Reajuste da gasolina Petrobras foi anunciado nesta quinta-feira (28) com aumento de R$ 0,48 por litro no preço da gasolina A vendida às distribuidoras, mas a estatal informou que aplicará desconto de R$ 0,44 por litro.
Com isso, o impacto efetivo informado pela empresa será de R$ 0,04 por litro. A medida ocorre após decreto assinado pelo presidente Luiz Inácio Lula da Silva na segunda-feira (25), que estabeleceu subsídio temporário para reduzir o efeito da alta dos combustíveis.
Os números centrais da mudança
O reajuste da gasolina Petrobras combina alta formal, desconto temporário e impacto líquido menor.
Alta da gasolina A para distribuidoras.
Abatimento ligado ao decreto federal.
Diferença efetiva esperada por litro.
A alta cheia não deve chegar integralmente.
Reajuste da gasolina Petrobras atinge a gasolina A
A gasolina A é o combustível puro vendido pelas refinarias às distribuidoras. Depois, ela recebe a mistura obrigatória de etanol anidro e se transforma na gasolina C, que chega aos postos.
Segundo a Petrobras, a gasolina C vendida nos postos é formada por 70% de gasolina A e 30% de etanol anidro. Por isso, no cálculo da estatal, a parcela da empresa no preço final passará de R$ 1,80 para R$ 1,83 por litro.

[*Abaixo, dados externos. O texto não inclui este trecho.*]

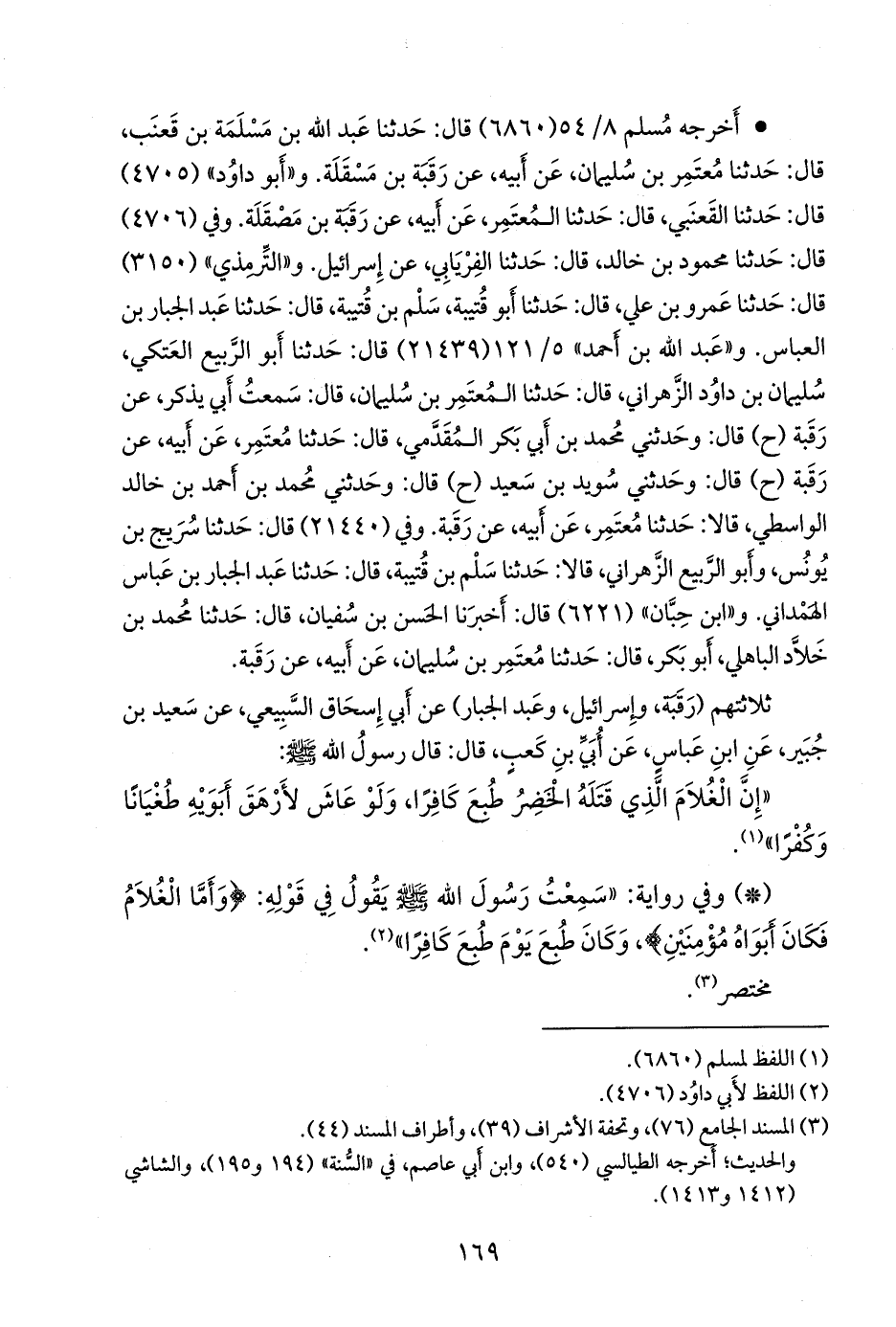 - وفي رواية: «سمعت رسول الله صَلى الله عَليه وسَلم يقول في قوله: {وأما الغلام فكان أَبواه مؤمنين}، وكان طبع يوم طبع كافرا» (¬٢).

Na prática, o reajuste da gasolina Petrobras terá aumento residual de, no máximo, R$ 0,03 a cada litro de gasolina C vendido nas bombas, conforme informou a companhia.
Como o reajuste chega ao posto
A diferença entre gasolina A e gasolina C explica por que o impacto final pode ser menor.
Produto vendido às distribuidoras.
Recebe etanol anidro.
É vendida nos postos.
Depende da composição da gasolina C.
Desconto terá duração de dois meses
O desconto oferecido pela Petrobras ocorre dentro do decreto que definiu subsídio de R$ 0,44 por litro de gasolina. Segundo a reportagem original, o governo bancará parte do preço do combustível.
A medida terá duração de dois meses e busca conter os efeitos da alta provocada pelo avanço do petróleo no mercado internacional. O subsídio será pago diretamente a produtores e importadores por meio da ANP.
O reajuste da gasolina Petrobras já era esperado. No fim de abril, a presidente da estatal, Magda Chambriard, havia sinalizado que a empresa poderia elevar os preços nas refinarias caso o governo concedesse desconto a produtores e importadores.
Onde a mudança aparece
O reajuste da gasolina Petrobras afeta a refinaria, passa pelas distribuidoras e entra no cálculo da gasolina C.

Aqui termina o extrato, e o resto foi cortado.